Valéry, Degas, Danse, dessin, Pochothèque t. 2 p. 571 :
"Il opposait ce qu'il appelait la « mise en place », c'est-à-dire la représentation conforme des objets, à ce qu'il appelait le « dessin », c'est-à-dire l'altération particulière que la manière de voir et d'exécuter d'un artiste fait subir à cette représentation exacte, celle que donnerait, par exemple, l'usage de la chambre claire.
Cette sorte d'erreur personnelle fait que le travail de figurer les choses par le trait et les ombres peut être un art.
La chambre claire, que je prends pour définir la mise en place, permettrait de commencer le travail par un point quelconque, de ne pas même regarder l'ensemble, de ne pas chercher des relations entre les lignes ou les surfaces ; de ne pas agir sur la chose vue pour la transformer en chose vécue, en action de quelqu'un.
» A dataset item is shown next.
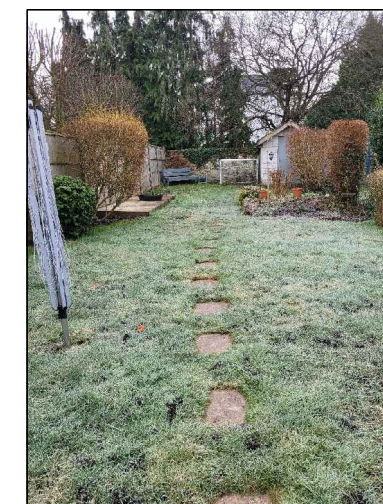
A VIEW OF REAR GARDEN

Or, il est des dessinateurs, dont il ne faut pas nier le mérite, qui ont la précision, l'égalité et la vérité de la chambre claire. Ils en ont aussi la froideur, et plus ils seront proches de la perfection de leur métier, moins pourra-t-on discerner l'ouvrage de l'un de celui de l'autre. Il en est tout au contraire des artistes. La valeur des artistes tient à certaines inégalités de même sens ou de même tendance, qui révèlent à la fois, à l'occasion d'une figure, d'une scène ou d'un paysage, la facilité, les volontés, les exigences, la puissance de transposition et de reconstitution de quelqu'un. Rien de tout ceci ne se trouve dans les choses ; et ne se trouve jamais le même dans deux individus différents."